Down to the last line, restate the records below word for word, dropping every image.

####################

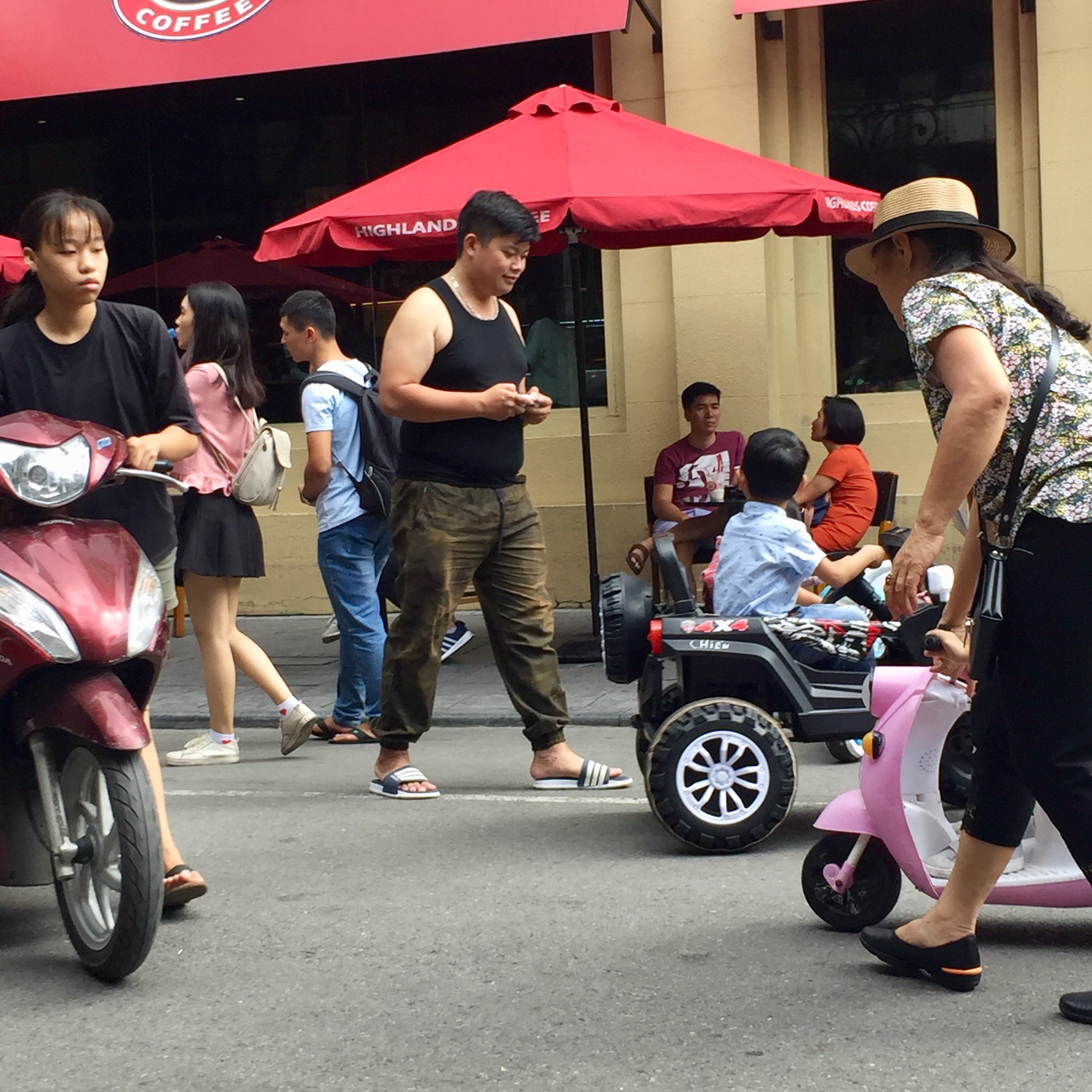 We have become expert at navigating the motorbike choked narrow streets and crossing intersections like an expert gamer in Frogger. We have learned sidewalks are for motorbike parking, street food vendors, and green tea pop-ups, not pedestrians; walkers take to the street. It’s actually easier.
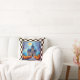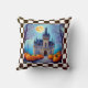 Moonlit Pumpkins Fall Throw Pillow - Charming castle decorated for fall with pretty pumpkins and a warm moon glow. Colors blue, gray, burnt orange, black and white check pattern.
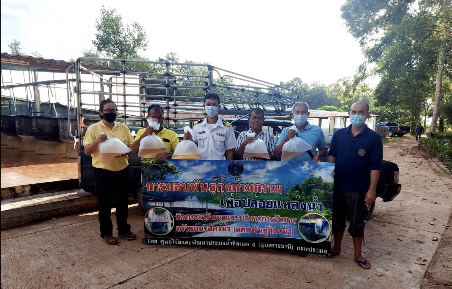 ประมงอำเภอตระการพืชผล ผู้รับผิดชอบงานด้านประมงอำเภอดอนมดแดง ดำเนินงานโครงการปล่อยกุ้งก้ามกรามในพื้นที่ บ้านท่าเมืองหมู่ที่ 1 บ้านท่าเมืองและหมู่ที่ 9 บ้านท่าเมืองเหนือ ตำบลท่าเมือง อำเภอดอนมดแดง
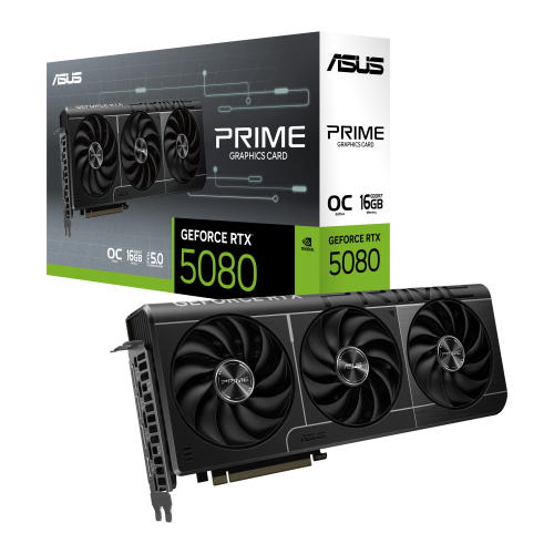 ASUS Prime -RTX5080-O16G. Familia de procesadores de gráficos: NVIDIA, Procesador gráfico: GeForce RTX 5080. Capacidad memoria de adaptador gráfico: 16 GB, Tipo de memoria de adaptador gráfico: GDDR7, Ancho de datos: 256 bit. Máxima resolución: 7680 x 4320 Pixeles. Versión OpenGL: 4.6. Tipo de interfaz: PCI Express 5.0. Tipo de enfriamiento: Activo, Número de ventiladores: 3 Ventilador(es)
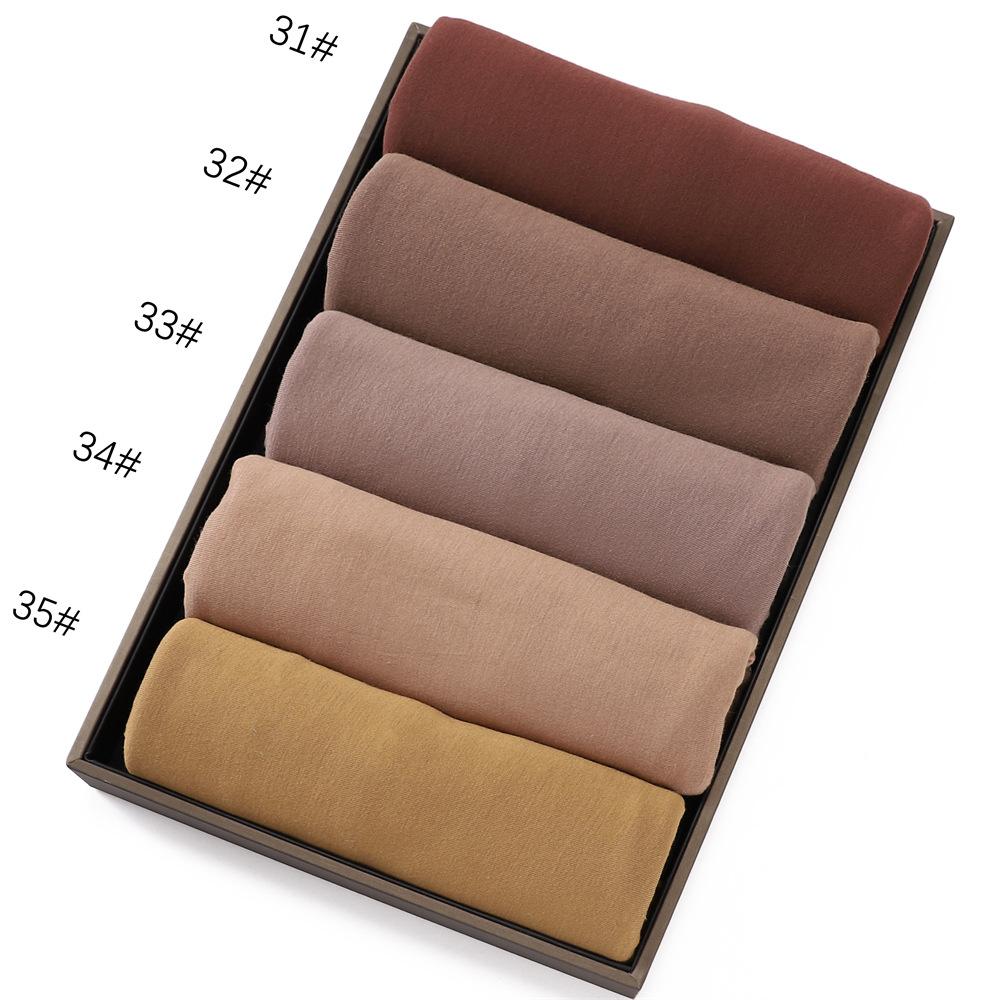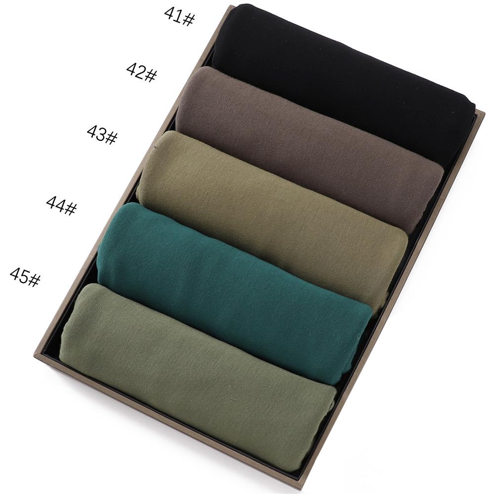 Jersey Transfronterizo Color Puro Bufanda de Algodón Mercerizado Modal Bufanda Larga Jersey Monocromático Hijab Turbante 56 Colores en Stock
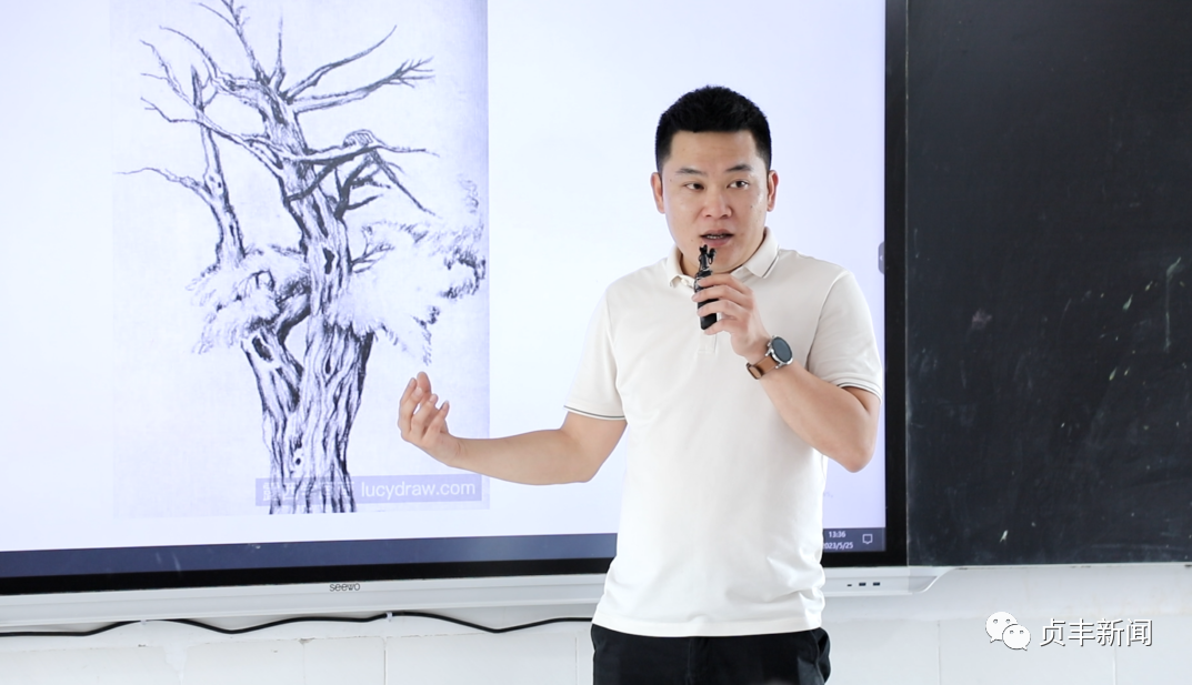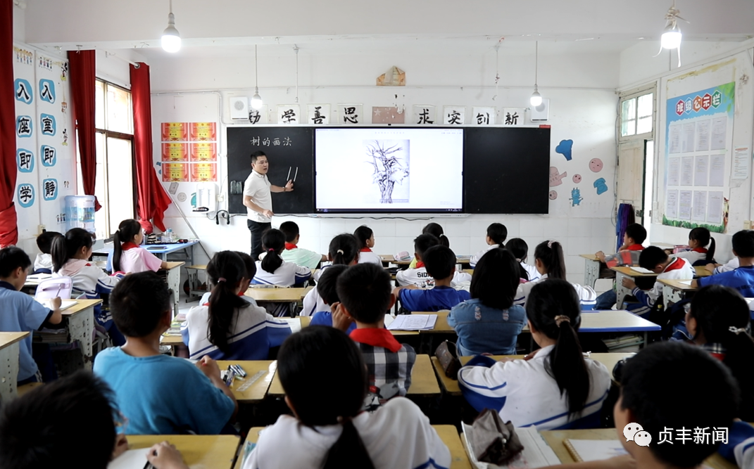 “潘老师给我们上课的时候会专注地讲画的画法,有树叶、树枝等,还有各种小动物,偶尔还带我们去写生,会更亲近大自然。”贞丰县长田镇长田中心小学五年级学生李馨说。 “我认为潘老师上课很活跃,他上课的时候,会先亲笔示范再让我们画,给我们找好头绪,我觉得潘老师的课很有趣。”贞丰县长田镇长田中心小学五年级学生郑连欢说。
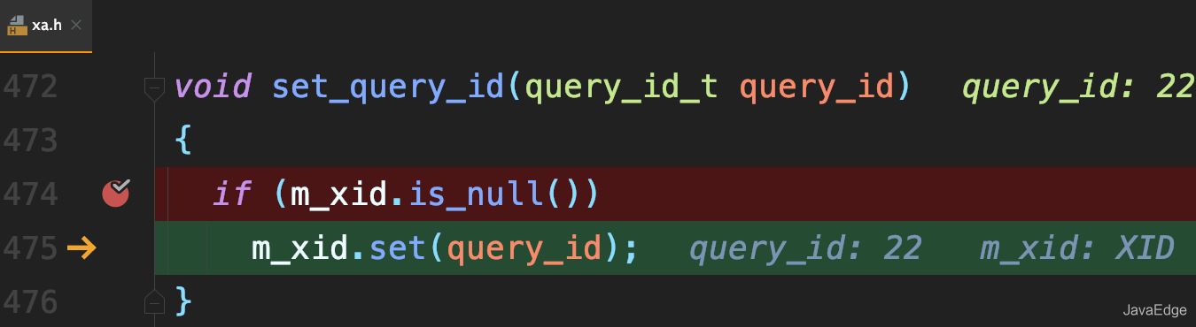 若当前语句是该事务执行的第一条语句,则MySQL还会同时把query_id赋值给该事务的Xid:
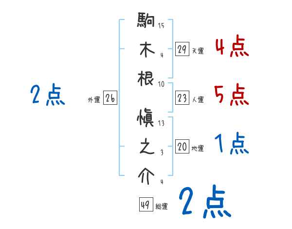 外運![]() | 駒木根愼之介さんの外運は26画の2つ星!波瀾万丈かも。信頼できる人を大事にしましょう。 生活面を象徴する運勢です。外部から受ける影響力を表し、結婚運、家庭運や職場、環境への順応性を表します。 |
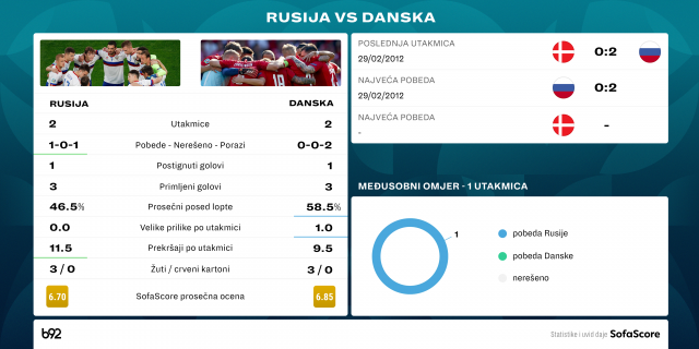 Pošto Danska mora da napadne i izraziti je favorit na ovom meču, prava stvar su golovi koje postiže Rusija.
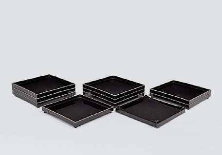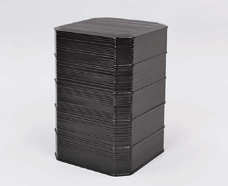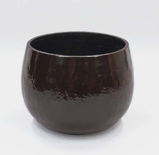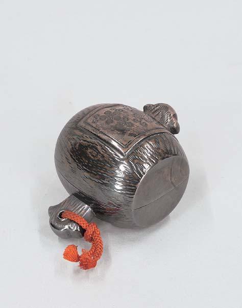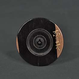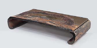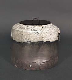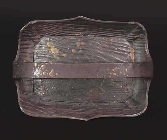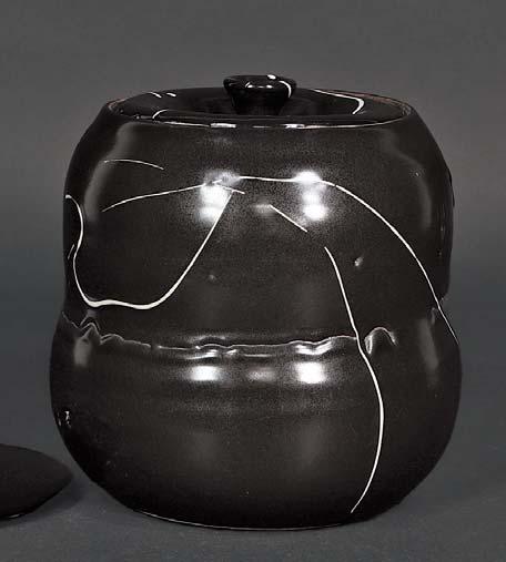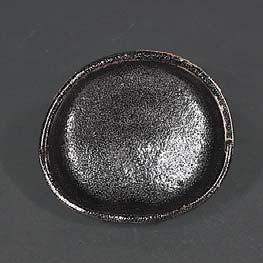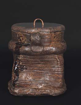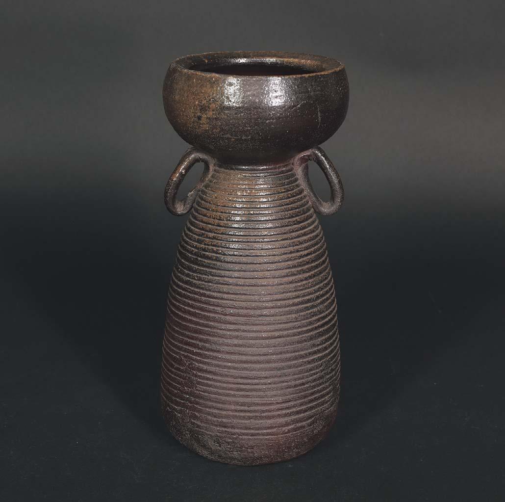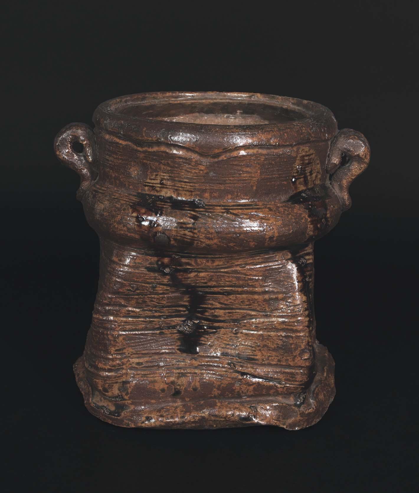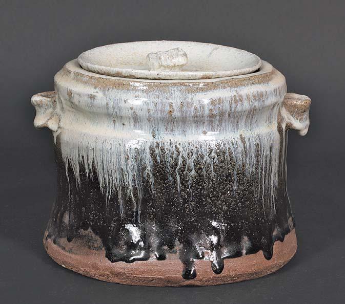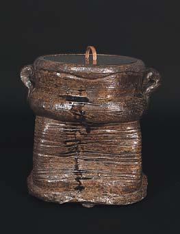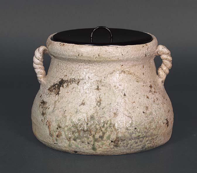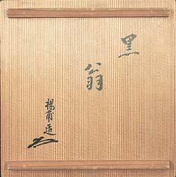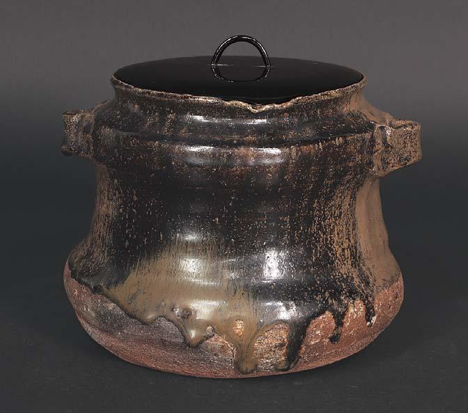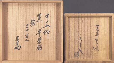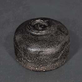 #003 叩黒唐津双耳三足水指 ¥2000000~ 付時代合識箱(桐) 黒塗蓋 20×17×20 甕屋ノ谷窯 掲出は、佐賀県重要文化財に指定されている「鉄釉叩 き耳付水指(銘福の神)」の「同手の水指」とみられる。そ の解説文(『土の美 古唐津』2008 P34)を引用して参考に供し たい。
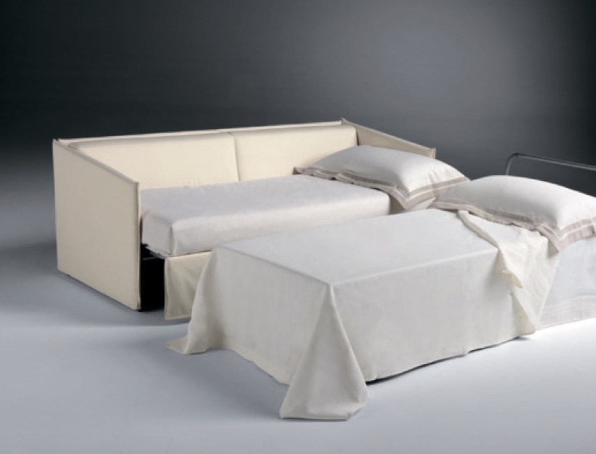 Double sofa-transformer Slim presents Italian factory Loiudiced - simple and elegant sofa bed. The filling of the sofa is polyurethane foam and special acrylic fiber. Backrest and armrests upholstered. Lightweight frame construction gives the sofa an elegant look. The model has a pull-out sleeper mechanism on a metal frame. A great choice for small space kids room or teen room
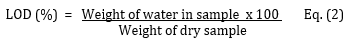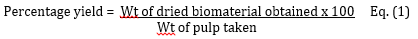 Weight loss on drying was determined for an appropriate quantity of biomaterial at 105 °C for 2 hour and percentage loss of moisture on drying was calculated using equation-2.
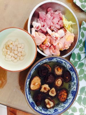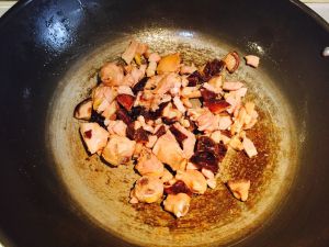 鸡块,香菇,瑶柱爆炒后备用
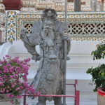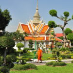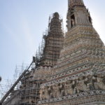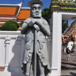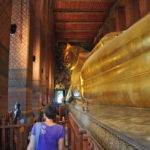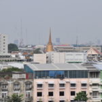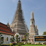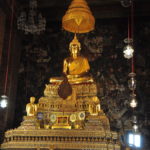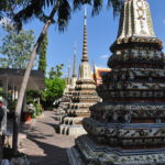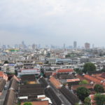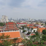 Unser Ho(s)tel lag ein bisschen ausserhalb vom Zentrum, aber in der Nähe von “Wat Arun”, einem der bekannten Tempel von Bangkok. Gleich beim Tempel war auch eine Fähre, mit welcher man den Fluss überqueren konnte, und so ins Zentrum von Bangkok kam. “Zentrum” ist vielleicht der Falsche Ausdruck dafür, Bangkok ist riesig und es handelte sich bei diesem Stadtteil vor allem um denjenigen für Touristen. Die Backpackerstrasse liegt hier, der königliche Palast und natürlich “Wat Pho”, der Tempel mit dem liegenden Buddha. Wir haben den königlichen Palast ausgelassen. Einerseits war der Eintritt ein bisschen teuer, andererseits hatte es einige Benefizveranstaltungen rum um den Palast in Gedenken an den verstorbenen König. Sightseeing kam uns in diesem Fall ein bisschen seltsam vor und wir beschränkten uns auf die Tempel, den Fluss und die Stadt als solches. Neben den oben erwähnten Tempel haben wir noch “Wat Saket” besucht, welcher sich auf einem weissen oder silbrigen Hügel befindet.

####################

> Your solution:
 We have become expert at navigating the motorbike choked narrow streets and crossing intersections like an expert gamer in Frogger. We have learned sidewalks are for motorbike parking, street food vendors, and green tea pop-ups, not pedestrians; walkers take to the street. It’s actually easier.
 Moonlit Pumpkins Fall Throw Pillow - Charming castle decorated for fall with pretty pumpkins and a warm moon glow. Colors blue, gray, burnt orange, black and white check pattern.
 ประมงอำเภอตระการพืชผล ผู้รับผิดชอบงานด้านประมงอำเภอดอนมดแดง ดำเนินงานโครงการปล่อยกุ้งก้ามกรามในพื้นที่ บ้านท่าเมืองหมู่ที่ 1 บ้านท่าเมืองและหมู่ที่ 9 บ้านท่าเมืองเหนือ ตำบลท่าเมือง อำเภอดอนมดแดง
 ASUS Prime -RTX5080-O16G. Familia de procesadores de gráficos: NVIDIA, Procesador gráfico: GeForce RTX 5080. Capacidad memoria de adaptador gráfico: 16 GB, Tipo de memoria de adaptador gráfico: GDDR7, Ancho de datos: 256 bit. Máxima resolución: 7680 x 4320 Pixeles. Versión OpenGL: 4.6. Tipo de interfaz: PCI Express 5.0. Tipo de enfriamiento: Activo, Número de ventiladores: 3 Ventilador(es)
 Jersey Transfronterizo Color Puro Bufanda de Algodón Mercerizado Modal Bufanda Larga Jersey Monocromático Hijab Turbante 56 Colores en Stock
 “潘老师给我们上课的时候会专注地讲画的画法,有树叶、树枝等,还有各种小动物,偶尔还带我们去写生,会更亲近大自然。”贞丰县长田镇长田中心小学五年级学生李馨说。 “我认为潘老师上课很活跃,他上课的时候,会先亲笔示范再让我们画,给我们找好头绪,我觉得潘老师的课很有趣。”贞丰县长田镇长田中心小学五年级学生郑连欢说。
 若当前语句是该事务执行的第一条语句,则MySQL还会同时把query_id赋值给该事务的Xid:
 外運![]() | 駒木根愼之介さんの外運は26画の2つ星!波瀾万丈かも。信頼できる人を大事にしましょう。 生活面を象徴する運勢です。外部から受ける影響力を表し、結婚運、家庭運や職場、環境への順応性を表します。 |
 Pošto Danska mora da napadne i izraziti je favorit na ovom meču, prava stvar su golovi koje postiže Rusija.
 #003 叩黒唐津双耳三足水指 ¥2000000~ 付時代合識箱(桐) 黒塗蓋 20×17×20 甕屋ノ谷窯 掲出は、佐賀県重要文化財に指定されている「鉄釉叩 き耳付水指(銘福の神)」の「同手の水指」とみられる。そ の解説文(『土の美 古唐津』2008 P34)を引用して参考に供し たい。
 Double sofa-transformer Slim presents Italian factory Loiudiced - simple and elegant sofa bed. The filling of the sofa is polyurethane foam and special acrylic fiber. Backrest and armrests upholstered. Lightweight frame construction gives the sofa an elegant look. The model has a pull-out sleeper mechanism on a metal frame. A great choice for small space kids room or teen room
 Weight loss on drying was determined for an appropriate quantity of biomaterial at 105 °C for 2 hour and percentage loss of moisture on drying was calculated using equation-2.
 鸡块,香菇,瑶柱爆炒后备用
 Unser Ho(s)tel lag ein bisschen ausserhalb vom Zentrum, aber in der Nähe von “Wat Arun”, einem der bekannten Tempel von Bangkok. Gleich beim Tempel war auch eine Fähre, mit welcher man den Fluss überqueren konnte, und so ins Zentrum von Bangkok kam. “Zentrum” ist vielleicht der Falsche Ausdruck dafür, Bangkok ist riesig und es handelte sich bei diesem Stadtteil vor allem um denjenigen für Touristen. Die Backpackerstrasse liegt hier, der königliche Palast und natürlich “Wat Pho”, der Tempel mit dem liegenden Buddha. Wir haben den königlichen Palast ausgelassen. Einerseits war der Eintritt ein bisschen teuer, andererseits hatte es einige Benefizveranstaltungen rum um den Palast in Gedenken an den verstorbenen König. Sightseeing kam uns in diesem Fall ein bisschen seltsam vor und wir beschränkten uns auf die Tempel, den Fluss und die Stadt als solches. Neben den oben erwähnten Tempel haben wir noch “Wat Saket” besucht, welcher sich auf einem weissen oder silbrigen Hügel befindet.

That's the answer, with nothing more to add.